God I hope like hell that this next generation doesn't screw things up as badly as the last one did . . .


  1. Kim -

    I think the next generation will be OK.... He did do the right thing.

    With that being said, I'm glad you didn't have a heart attack....

    And I think it might be time for you and your family to take a Colorado vacation soon.

    Good luck in the New Year....


  2. What a well written story. Mahalo, Jackie

  3. just a quick thought on the shoes.... if you have access to a really good shoe maker... i have found that sometimes if the heal is lowered even a half inch it can change a pair of boots i have from the 3 hour hour "oh the ball of my foot hurts even with a pad added to to the shoe" to the "it's comfortable all day". a good shoe maker will be able to determine if it can be done with a particular shoe in question.

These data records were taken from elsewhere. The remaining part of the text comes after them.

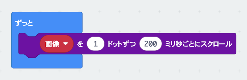 そして「ずっと」ブロックに「(画像)を(1)ドットずつ(200)ミリ秒ごとにスクロール」ブロックを組み合わせて、大きな画像を表示させてみるぞ。一度に全部が表示されないので、自動的にスクロールして表示されたんじゃないかな。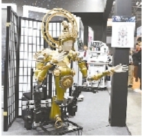 11月29日,日本东京,人们在2017国际机器人展上观看机器人表演。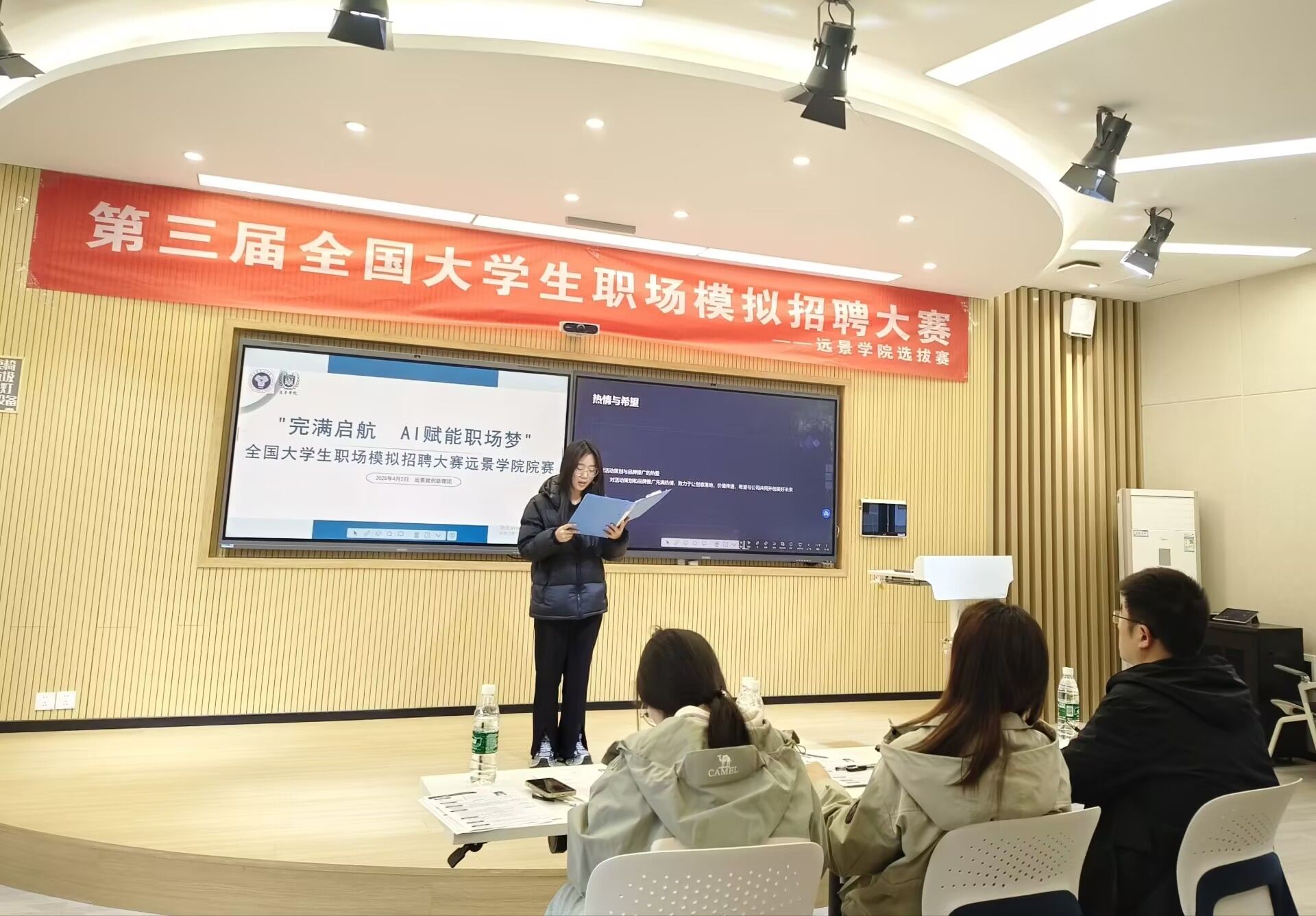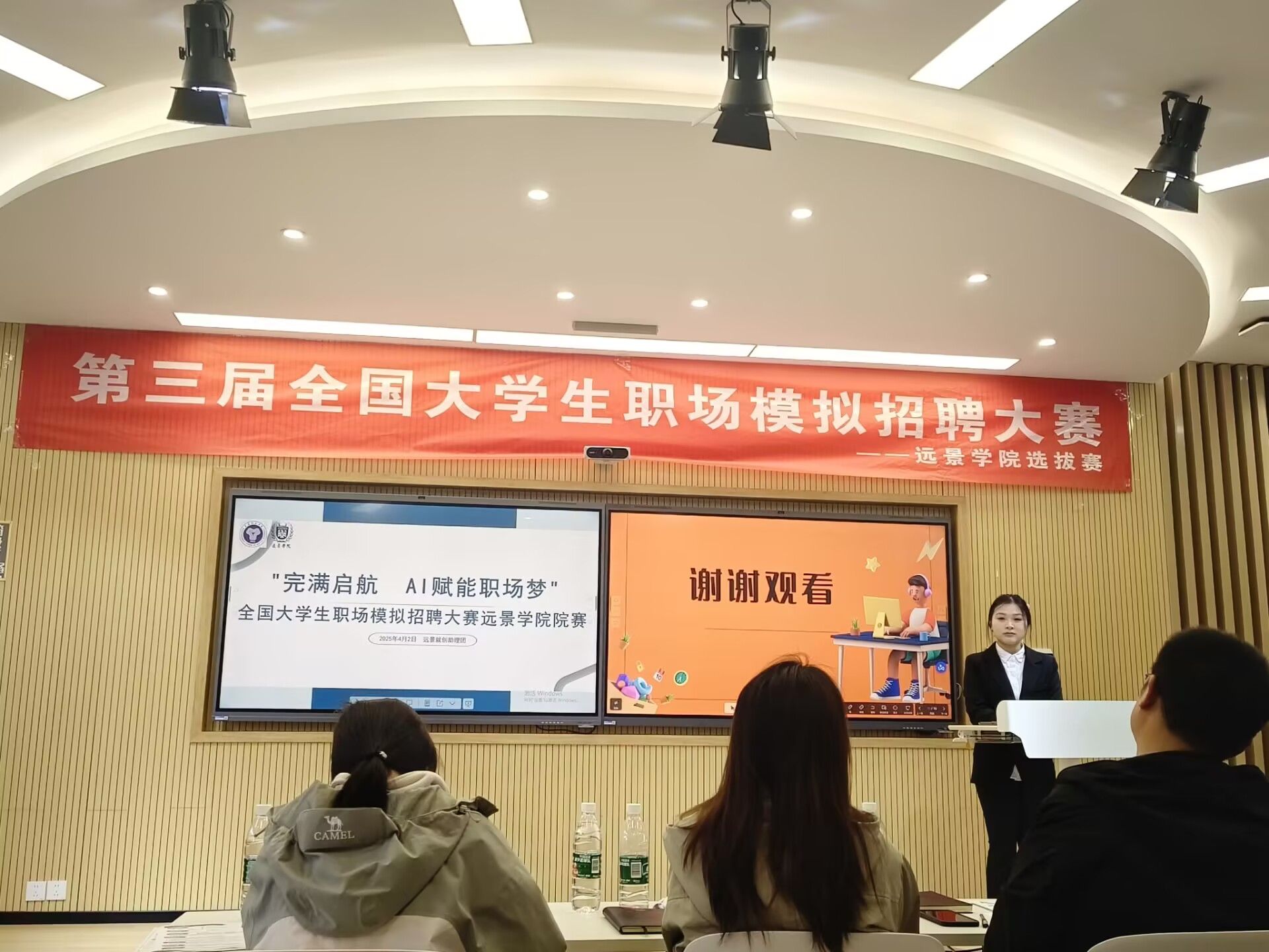 为提升大学生职业素养和就业能力,推动高校毕业生高质量充分就业。远景学院于4月2日在智者楼404举办第三届全国大学生职场模拟招聘大赛院内选拔赛,通过全真模拟求职场景,为参赛学生提供简历优化、面试技巧及职业规划指导。本次活动邀请到具有丰富企业经验的通识教育部教师毛致远和远景学院教师易兰,以及远景就创指导老师万虹岑担任评委。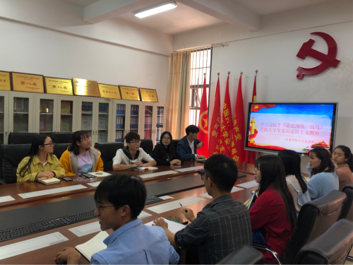 云中讯(通讯员 王鹏程 普奕)2019年9月29日下午,信息学院学生党支部全体成员在翰墨楼109会议室学习习近平《论爱国统一战线》,开展大学生党员爱国主义教育主题党日活动。本次学习由16级李国娇同志和李进同志主讲。
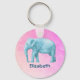Photo d'un éléphant bleu clair peint à la main, aquarelle. Cette image a les fleurs classiques de peinture aquarelle où la peinture se répand en motif aléatoire, une caractéristique qui rend les aquarelles si uniques. L'arrière - plan est également un dégradé de couleur rose pâle qui crée un agréable contraste. Personnalisez avec un nom.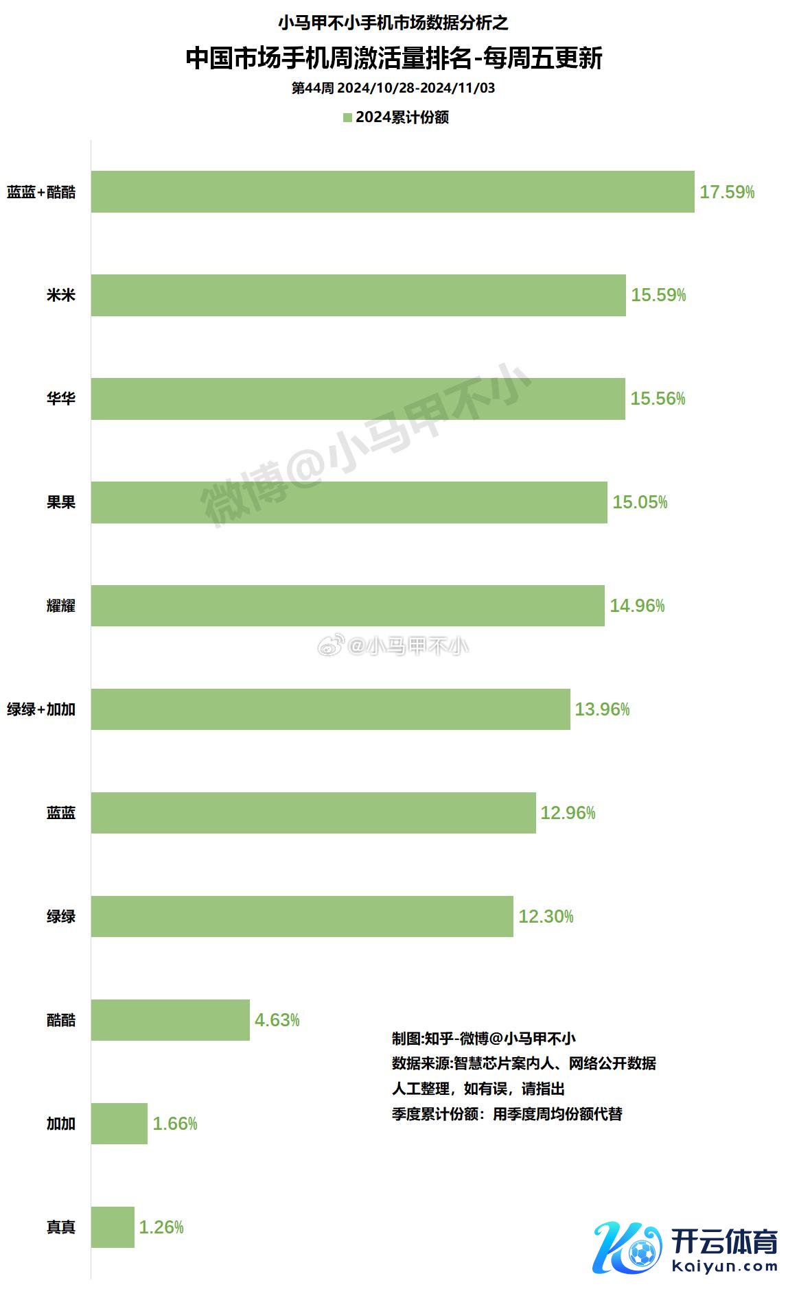 这是一份禁止2024年11月3日国内本年各手机品牌激活量的累计名次,数据起原图上还是写的很了了了。凭证名次可以看到vivo第一,商场份额为17.59%,名按序二的是,商场份额为15.59%,名按序三的是华为,商场份额为15.56%,名按序四的是苹果,商场份额为15.05%;名按序五的是荣耀,商场份额14.96%,名按序六的是OPPO,商场份额为13.96%。另外数据还显现了子品牌的份额,其中iQOO单独的份额为4.63%,一加单独的份额为1.66%,realme单独的份额为1.26%。可以看出一加+realme齐不是iQOO的敌手,足以解说iQOO当今的销量的确子品牌的王者。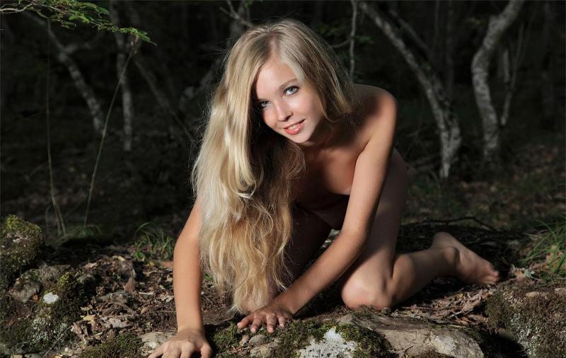 Прелестно обнажённой попозировала в тёмном лесу сия сексуальная миленькая очаровашка!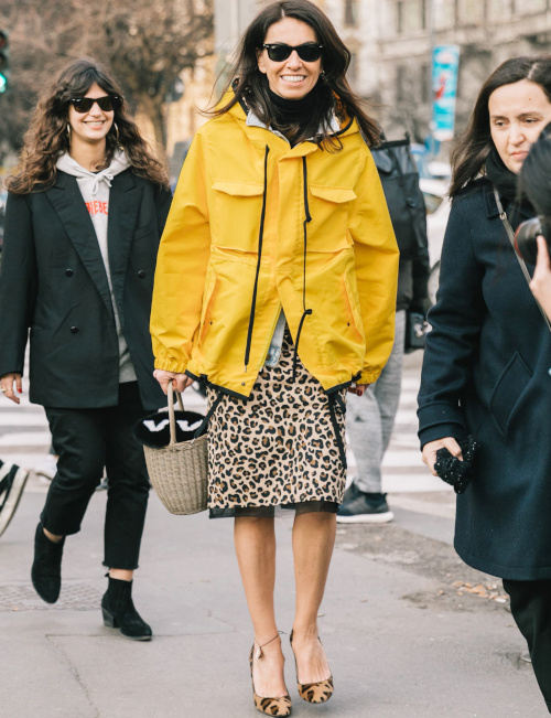 Mêler des éléments emblématiques de styles extrêmement différents (ici jupe léopard/glamour sexy et ciré jaune/utilitaire) permet de provoquer des cadavres exquis stylistiques visuellement impactants. Le contraste entre la cosyness du haut du look et la sophistication du bas offre à la silhouette une intéressante saveur hybride. Le sourire de l'intéressée injecte une énergie lumineuse non négligeable à l'ensemble.

    also pumps are not bad in looks...

    also if you have a dots store locally they have expanded their boots line and have some great deals on them also they can be returned at any time for any reason.
    i am sorry for the loss of your step dad as well as the battle he lost along with price he paid in serving his county.
    our thoughts are with you.

  4. OH Wow The Life & Time,s of Kimberly, Such a wounder full Blog, & Story,s of your Living Life,as well as the Dead & New family,s too, Yes we all have Trial,s & Tribulation,s to be sad & Proud of too, & Your a Good writer too so it just Flow,s, i Loved Reading it all too hug,s Kiss,s & You Do Look Gorgeous in that Photo & Outfit too hug,s Kiss,s a Feminine friend Roberta

  5. What a tremendously heart filling blog this is. I understand hoping for a better generation for the future, but, alas, I was the only "son" and I had no boys to carry on the name. I am the last Flettshock, unless there is one in Germany I don't know about. I find this both sad and because of a passed down alcohol, and with me drug problem, along with the trans direction that I've taken, grateful that the name stops with me. Yrs. ago I found out purely by accident that I have 3 step-brothers that I have no idea their name is and there is no one left to ask. Maybe a search could be done but I'm of the lazy persuasion! lol ....I thank your step-father for his service, I think your "critters" are adorable, and you are just as pretty in low shoes as you are in your higher ones. In fact, those in the pic are very fitting. Wishes of good things for you and yours are always being sent your way.

  6. Definitely cute "critters"! You can be proud of them. And though I understand your reason for flying drab when your boss was going to be around (I'd do the same thing) there really isn't much chance he'd recognize you, as pretty as you look! (Not that you'd want to take that chance, though!)